■ Task prompt: Would you transcribe all of the data exactly, down to the last character?

• • •

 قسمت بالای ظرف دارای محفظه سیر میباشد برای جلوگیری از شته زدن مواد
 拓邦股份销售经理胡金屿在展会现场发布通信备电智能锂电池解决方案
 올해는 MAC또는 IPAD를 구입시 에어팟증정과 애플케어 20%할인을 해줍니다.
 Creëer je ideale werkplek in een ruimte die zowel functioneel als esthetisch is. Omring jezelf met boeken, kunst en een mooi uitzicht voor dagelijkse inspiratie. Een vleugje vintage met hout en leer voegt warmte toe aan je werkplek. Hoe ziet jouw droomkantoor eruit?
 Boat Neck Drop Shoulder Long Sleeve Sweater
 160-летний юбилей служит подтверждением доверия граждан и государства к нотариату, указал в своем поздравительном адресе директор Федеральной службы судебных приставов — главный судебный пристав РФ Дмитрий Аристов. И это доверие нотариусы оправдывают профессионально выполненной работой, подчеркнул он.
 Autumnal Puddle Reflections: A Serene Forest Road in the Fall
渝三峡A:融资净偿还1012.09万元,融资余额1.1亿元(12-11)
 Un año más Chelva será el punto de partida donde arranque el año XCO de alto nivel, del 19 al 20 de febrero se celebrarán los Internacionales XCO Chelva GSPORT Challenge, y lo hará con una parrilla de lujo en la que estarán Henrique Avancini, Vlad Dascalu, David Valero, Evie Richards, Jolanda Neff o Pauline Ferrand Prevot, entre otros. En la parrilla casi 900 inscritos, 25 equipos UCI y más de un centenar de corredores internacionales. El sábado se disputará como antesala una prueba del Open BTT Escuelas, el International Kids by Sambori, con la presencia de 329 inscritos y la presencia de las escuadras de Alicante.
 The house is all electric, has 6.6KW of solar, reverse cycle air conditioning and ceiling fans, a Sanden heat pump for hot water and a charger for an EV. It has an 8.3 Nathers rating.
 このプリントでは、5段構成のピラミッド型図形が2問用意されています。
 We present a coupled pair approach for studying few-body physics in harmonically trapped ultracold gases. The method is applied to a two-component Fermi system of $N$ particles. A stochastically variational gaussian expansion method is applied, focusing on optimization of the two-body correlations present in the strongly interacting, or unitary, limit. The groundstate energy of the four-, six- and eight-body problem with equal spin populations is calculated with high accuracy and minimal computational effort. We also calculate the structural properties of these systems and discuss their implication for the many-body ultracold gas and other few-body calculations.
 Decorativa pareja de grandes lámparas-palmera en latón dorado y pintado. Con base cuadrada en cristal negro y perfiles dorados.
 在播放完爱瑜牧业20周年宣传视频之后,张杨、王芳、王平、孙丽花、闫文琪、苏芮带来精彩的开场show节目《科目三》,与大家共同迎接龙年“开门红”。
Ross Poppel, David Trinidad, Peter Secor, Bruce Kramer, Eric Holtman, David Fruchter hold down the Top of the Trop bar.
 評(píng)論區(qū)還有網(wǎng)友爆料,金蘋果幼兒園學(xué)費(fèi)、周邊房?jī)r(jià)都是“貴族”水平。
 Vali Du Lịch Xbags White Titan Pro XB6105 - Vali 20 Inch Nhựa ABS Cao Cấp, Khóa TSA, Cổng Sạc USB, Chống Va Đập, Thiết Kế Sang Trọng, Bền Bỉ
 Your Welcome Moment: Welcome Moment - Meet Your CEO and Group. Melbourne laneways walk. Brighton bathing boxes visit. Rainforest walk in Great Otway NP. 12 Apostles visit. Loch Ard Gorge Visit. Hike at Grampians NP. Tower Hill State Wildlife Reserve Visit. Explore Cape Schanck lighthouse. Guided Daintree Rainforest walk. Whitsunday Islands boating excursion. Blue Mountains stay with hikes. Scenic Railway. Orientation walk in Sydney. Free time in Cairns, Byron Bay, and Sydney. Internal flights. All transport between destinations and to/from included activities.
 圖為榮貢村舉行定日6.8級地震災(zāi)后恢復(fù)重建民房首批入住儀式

• • •

■ Answer to this exercise:
 قسمت بالای ظرف دارای محفظه سیر میباشد برای جلوگیری از شته زدن مواد
 拓邦股份销售经理胡金屿在展会现场发布通信备电智能锂电池解决方案
 올해는 MAC또는 IPAD를 구입시 에어팟증정과 애플케어 20%할인을 해줍니다.
 Creëer je ideale werkplek in een ruimte die zowel functioneel als esthetisch is. Omring jezelf met boeken, kunst en een mooi uitzicht voor dagelijkse inspiratie. Een vleugje vintage met hout en leer voegt warmte toe aan je werkplek. Hoe ziet jouw droomkantoor eruit?
 Boat Neck Drop Shoulder Long Sleeve Sweater
 160-летний юбилей служит подтверждением доверия граждан и государства к нотариату, указал в своем поздравительном адресе директор Федеральной службы судебных приставов — главный судебный пристав РФ Дмитрий Аристов. И это доверие нотариусы оправдывают профессионально выполненной работой, подчеркнул он.
 Autumnal Puddle Reflections: A Serene Forest Road in the Fall
渝三峡A:融资净偿还1012.09万元,融资余额1.1亿元(12-11)
 Un año más Chelva será el punto de partida donde arranque el año XCO de alto nivel, del 19 al 20 de febrero se celebrarán los Internacionales XCO Chelva GSPORT Challenge, y lo hará con una parrilla de lujo en la que estarán Henrique Avancini, Vlad Dascalu, David Valero, Evie Richards, Jolanda Neff o Pauline Ferrand Prevot, entre otros. En la parrilla casi 900 inscritos, 25 equipos UCI y más de un centenar de corredores internacionales. El sábado se disputará como antesala una prueba del Open BTT Escuelas, el International Kids by Sambori, con la presencia de 329 inscritos y la presencia de las escuadras de Alicante.
 The house is all electric, has 6.6KW of solar, reverse cycle air conditioning and ceiling fans, a Sanden heat pump for hot water and a charger for an EV. It has an 8.3 Nathers rating.
 このプリントでは、5段構成のピラミッド型図形が2問用意されています。
 We present a coupled pair approach for studying few-body physics in harmonically trapped ultracold gases. The method is applied to a two-component Fermi system of $N$ particles. A stochastically variational gaussian expansion method is applied, focusing on optimization of the two-body correlations present in the strongly interacting, or unitary, limit. The groundstate energy of the four-, six- and eight-body problem with equal spin populations is calculated with high accuracy and minimal computational effort. We also calculate the structural properties of these systems and discuss their implication for the many-body ultracold gas and other few-body calculations.
 Decorativa pareja de grandes lámparas-palmera en latón dorado y pintado. Con base cuadrada en cristal negro y perfiles dorados.
 在播放完爱瑜牧业20周年宣传视频之后,张杨、王芳、王平、孙丽花、闫文琪、苏芮带来精彩的开场show节目《科目三》,与大家共同迎接龙年“开门红”。
Ross Poppel, David Trinidad, Peter Secor, Bruce Kramer, Eric Holtman, David Fruchter hold down the Top of the Trop bar.
 評(píng)論區(qū)還有網(wǎng)友爆料,金蘋果幼兒園學(xué)費(fèi)、周邊房?jī)r(jià)都是“貴族”水平。
 Vali Du Lịch Xbags White Titan Pro XB6105 - Vali 20 Inch Nhựa ABS Cao Cấp, Khóa TSA, Cổng Sạc USB, Chống Va Đập, Thiết Kế Sang Trọng, Bền Bỉ
 Your Welcome Moment: Welcome Moment - Meet Your CEO and Group. Melbourne laneways walk. Brighton bathing boxes visit. Rainforest walk in Great Otway NP. 12 Apostles visit. Loch Ard Gorge Visit. Hike at Grampians NP. Tower Hill State Wildlife Reserve Visit. Explore Cape Schanck lighthouse. Guided Daintree Rainforest walk. Whitsunday Islands boating excursion. Blue Mountains stay with hikes. Scenic Railway. Orientation walk in Sydney. Free time in Cairns, Byron Bay, and Sydney. Internal flights. All transport between destinations and to/from included activities.
 圖為榮貢村舉行定日6.8級地震災(zāi)后恢復(fù)重建民房首批入住儀式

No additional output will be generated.